Baca juga: Laporan Baru PBB, Populasi Dunia Capai Puncak Pertengahan 2080-an
Namun, penelitian terbaru menunjukkan bahwa penduduk Tibet memiliki mekanisme adaptasi yang berbeda. Mereka tidak hanya mampu bertahan di kondisi hipoksia. Tetapi, juga memiliki tingkat kesehatan dan keberhasilan reproduksi yang lebih tinggi dibandingkan kelompok lain yang tinggal di dataran tinggi.
Adaptasi Genetik dan Keunggulan Fisiologis
Studi yang dilakukan oleh antropolog Cynthia Beall dari Case Western Reserve University mengungkap bahwa wanita Tibet memiliki karakteristik peredaran darah yang unik. Timnya menganalisis 417 wanita yang telah hidup di ketinggian 3.500 meter sepanjang hidup mereka. Hasilnya mengejutkan: mereka yang memiliki tingkat kelahiran hidup tertinggi tidak memiliki kadar hemoglobin terlalu tinggi, melainkan justru dalam kisaran menengah.
Selain itu, wanita dengan tingkat kelahiran tertinggi juga menunjukkan saturasi oksigen hemoglobin lebih tinggi dan aliran darah ke paru-paru yang lebih efisien. Ini memungkinkan mereka tetap sehat tanpa meningkatkan viskositas darah, yang bisa membebani jantung. Dengan kata lain, tubuh mereka mampu mengangkut lebih banyak oksigen tanpa efek samping yang berbahaya.
Baca juga: Ketika Jepang Berjuang Melawan Tren Penurunan Kelahiran
Lebih lanjut, penelitian yang dipublikasikan di Proceedings of the National Academy of Sciences ini juga menemukan bahwa bilik kiri jantung mereka cenderung lebih besar. Sehingga memungkinkan pompa darah yang lebih efisien.
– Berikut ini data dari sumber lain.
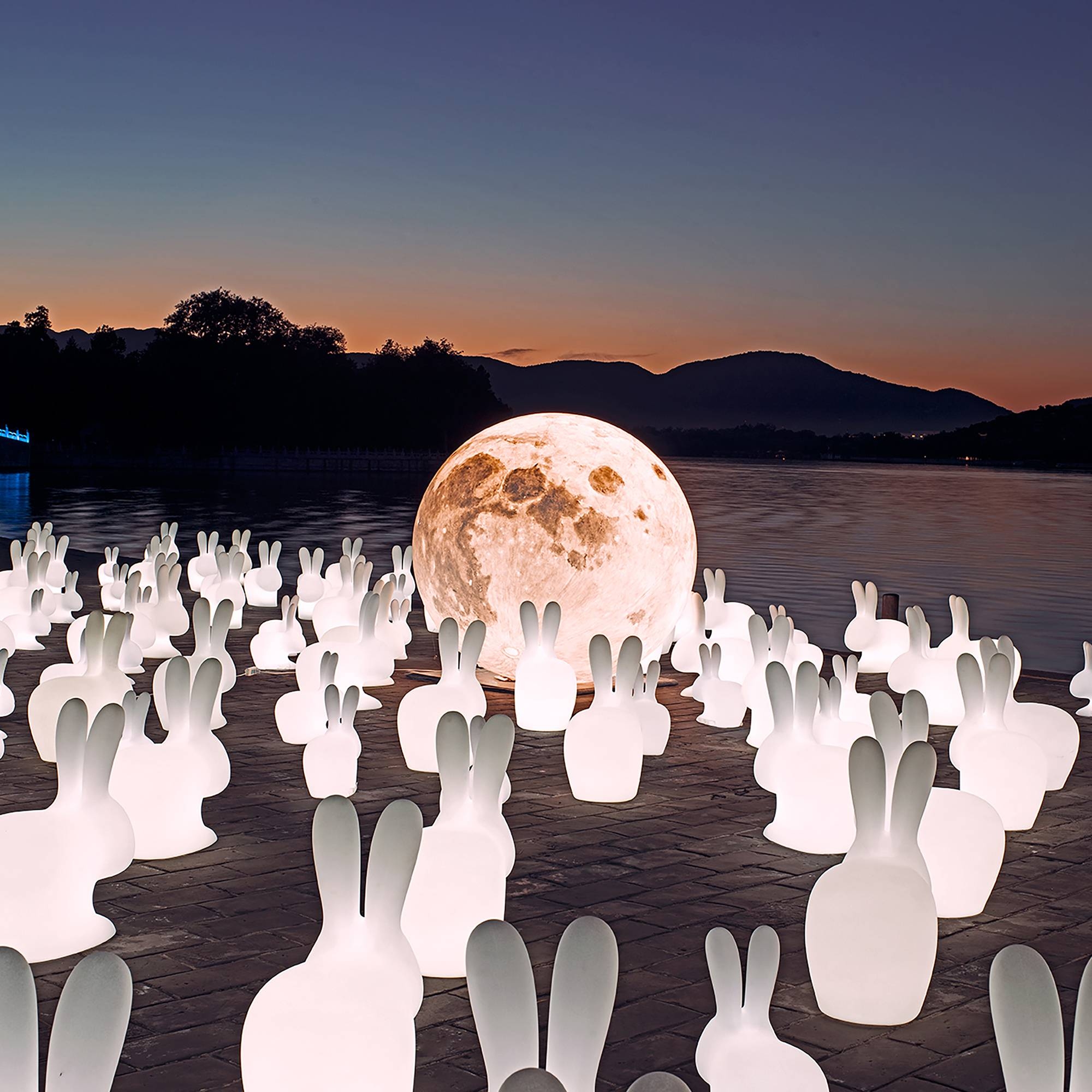 The Rabbit lamp, featuring integrated LEDs, is crafted by Qeeboo using recyclable polyethylene, a high-quality material that ensures durability, resistance, and versatility, making it ideal for outdoor use. This delightful outdoor lamp, thanks to its unparalleled and playful design, fits perfectly into any space, even with different decorative styles, from a modern garden with a pool to a minimalist design terrace. Moreover, the Rabbit lamp represents a very sweet rabbit sitting upright, with long ears that not only contribute to its expressiveness but also serve as a practical support, allowing the lamp to be easily moved according to the users' needs. The lamp is not just a lighting product, but a real piece of design that acts as a focal point in any outdoor configuration and captures the attention of your guests. Designed by Stefano Giovannoni for Qeeboo.
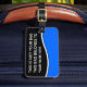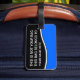 Clever custom luggage tags with words "not your bag". Designed for men or women you can personalize and let your baggage stand out while you're traveling, at the gym or anywhere you want to put an ID tag you can customize.

Semua ini menunjukkan bahwa adaptasi mereka bukan sekadar respons fisiologis jangka pendek, melainkan hasil seleksi alam yang telah berlangsung selama ribuan tahun.
Seleksi Alam yang Masih Terjadi
Adaptasi ini bukan hanya tentang bertahan hidup, tetapi juga tentang keberhasilan reproduksi. Wanita dengan fisiologi yang lebih cocok dengan lingkungan dataran tinggi cenderung memiliki lebih banyak anak yang bertahan hidup, sehingga sifat-sifat adaptif ini diwariskan ke generasi berikutnya.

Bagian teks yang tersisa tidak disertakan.